EXERCISE DIRECTIONS: Would you print the lines below exactly, beginning at the line that has "Bague en métal" and stopping after the line that has "355同分、但有些微不同喔...,134 : 133"? Only those lines, and no pictures.

Data records:
BEGIN
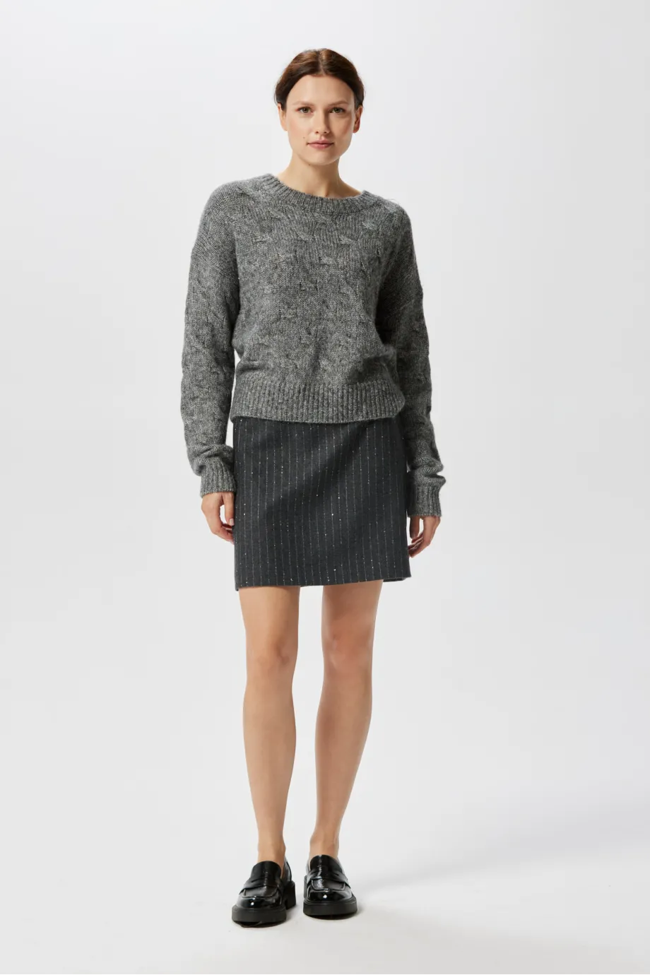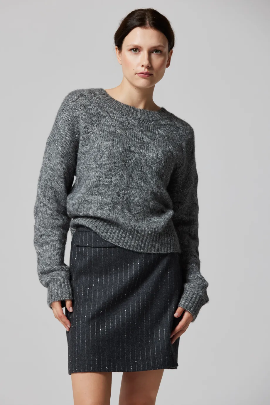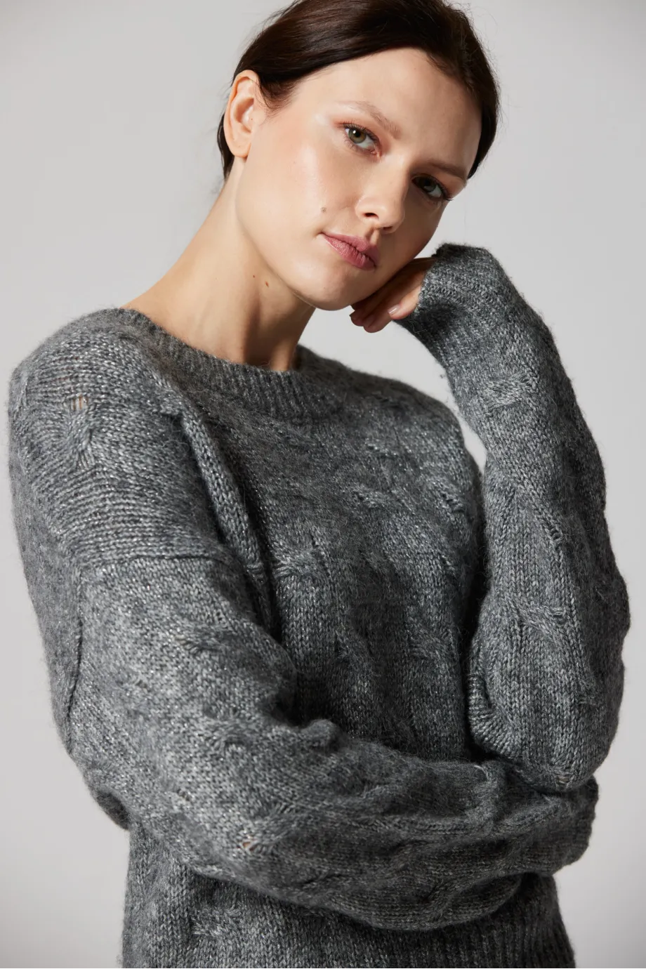 Grauer Pullover mit Alpakawolle
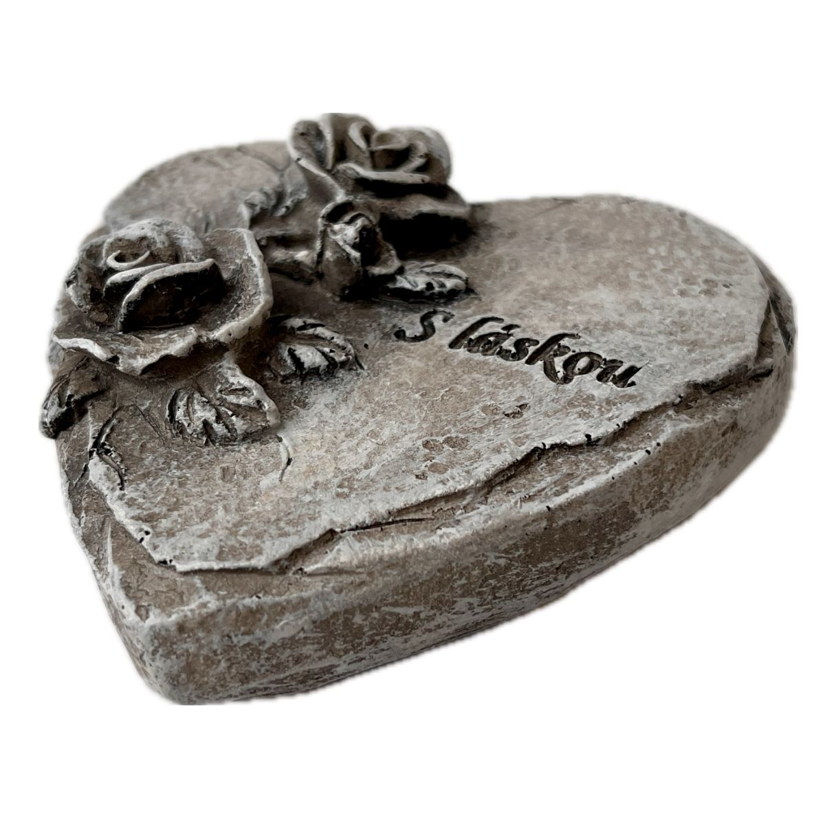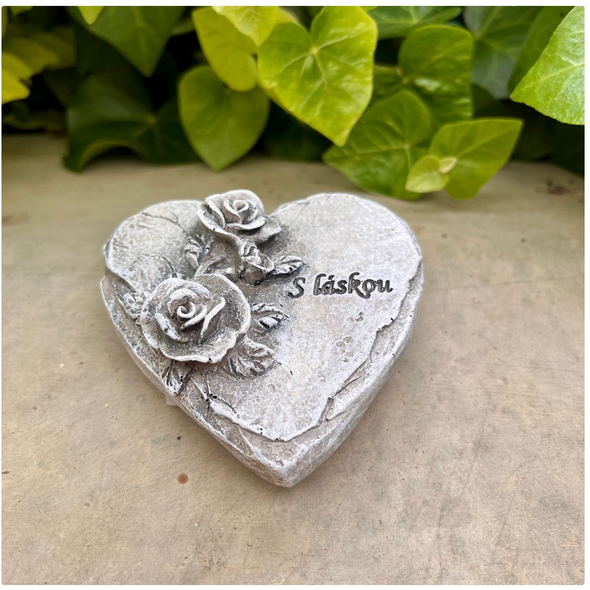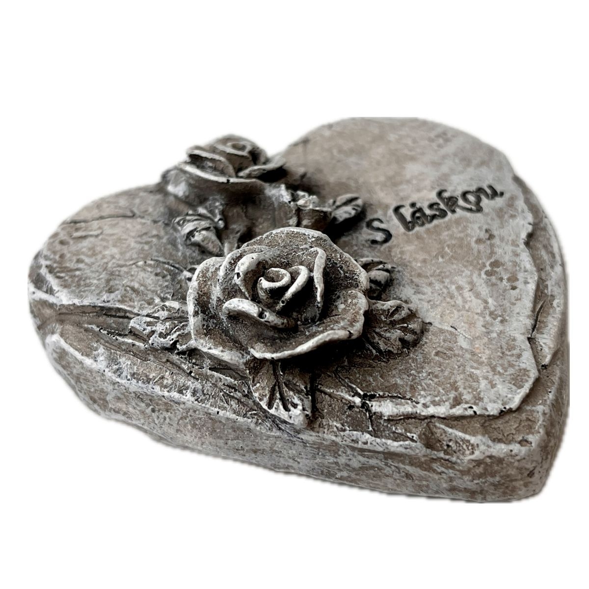 Měkké linie, jemný reliéf a nápis S láskou dělají z tohoto srdíčka víc než jen dekoraci — je to tichý projev citu a vzpomínky. Materiál je polyresin, což umožňuje precizní detaily — strukturu, tvar i text — a zároveň je odolný vůči běžnému provozu či výkyvům počasí. Kompaktní velikost okolo 3 × 8 × 8 cm z něj činí ideální k položení u fotografie, do kolumbária, nebo na náhrobek — nenápadné, ale viditelné.
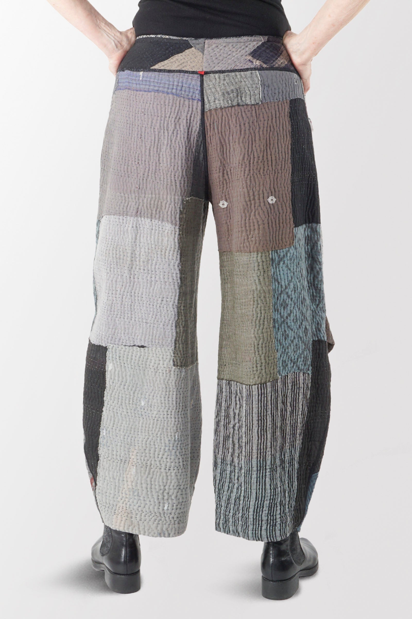 WOVEN IKAT & FRAYED PATCH KANTHA KNEE TUCKED PANTS - wk4625-gry -
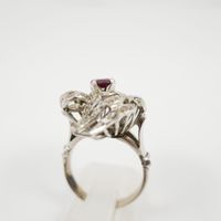 Bague en métal à motif floral stylisé centrée d'un rubis rond rehaussé de diamants 8/8. (TDD : 56) (Traces de soudures).
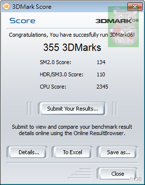 355同分、但有些微不同喔...,134 : 133 / 110 : 111 / 2345 : 2386 ,也對啦!同一個平台嘛、改善顯示的部份要靠獨立顯卡才正確!
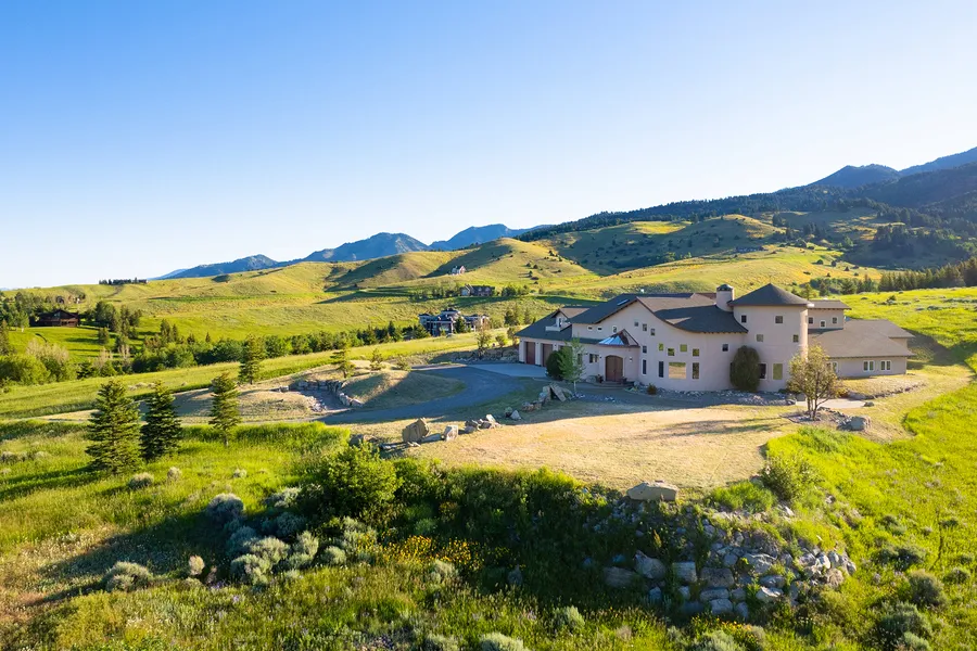 Custom, Montana estate on over 20 rolling acres overlooking Bozeman and the surrounding valley. Boasting some of the most incredible views possible in the area, the compound is nestled against the majestic Bridger Mountains. This sprawling oasis offers over 8000 square feet of living space, ample outdoor retreats to soak in the surrounding landscape, and a quick 10 minute drive to Downtown Bozeman. Dramatic vaulted ceilings, custom Tulikivi soapstone fireplace/seating area, and a well-appointed chef's kitchen. Enjoy the oversized master suite with a massive walk in closet, as well as 3 guest bedrooms on the main level. Upstairs, behold a guest suite including full kitchen, bathroom, and private balcony, as well an office, entertainment area and additional guest room. Relish in the feeling of perfect solitude atop the rolling hills with your protected views, knowing all the amenities and recreation opportunities of Bozeman are just minutes away.
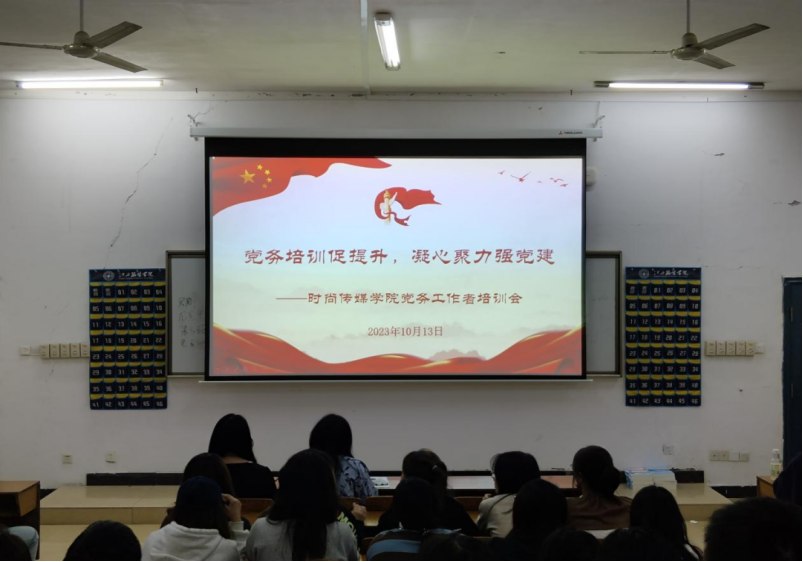 为深入学习贯彻习近平新时代中国特色社会主义思想,贯彻落实党的二十大精神,聚焦高质量党建引领高质量发展,时尚传媒学院于10月13日在艺术楼108教室召开新学期党务工作培训会议。会议由时尚传媒学院红传先锋队执行副主任潘韦宇、主任助理于亚男主持,红传先锋队全体成员、2022 级以及 2023 级团支书、生活委员和宣传委员参加。
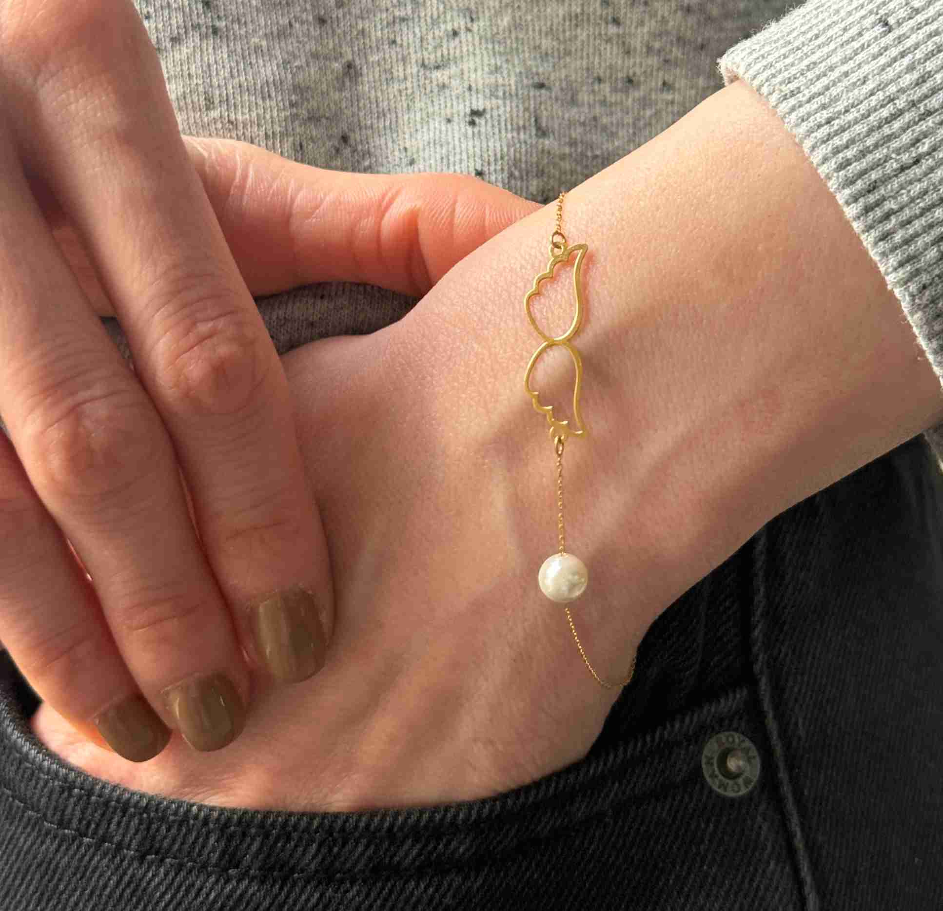 دست بند زنجیری دو بال فرشته و تک مروارید
END
RESPONSE BELOW:
 Bague en métal à motif floral stylisé centrée d'un rubis rond rehaussé de diamants 8/8. (TDD : 56) (Traces de soudures).
 355同分、但有些微不同喔...,134 : 133 / 110 : 111 / 2345 : 2386 ,也對啦!同一個平台嘛、改善顯示的部份要靠獨立顯卡才正確!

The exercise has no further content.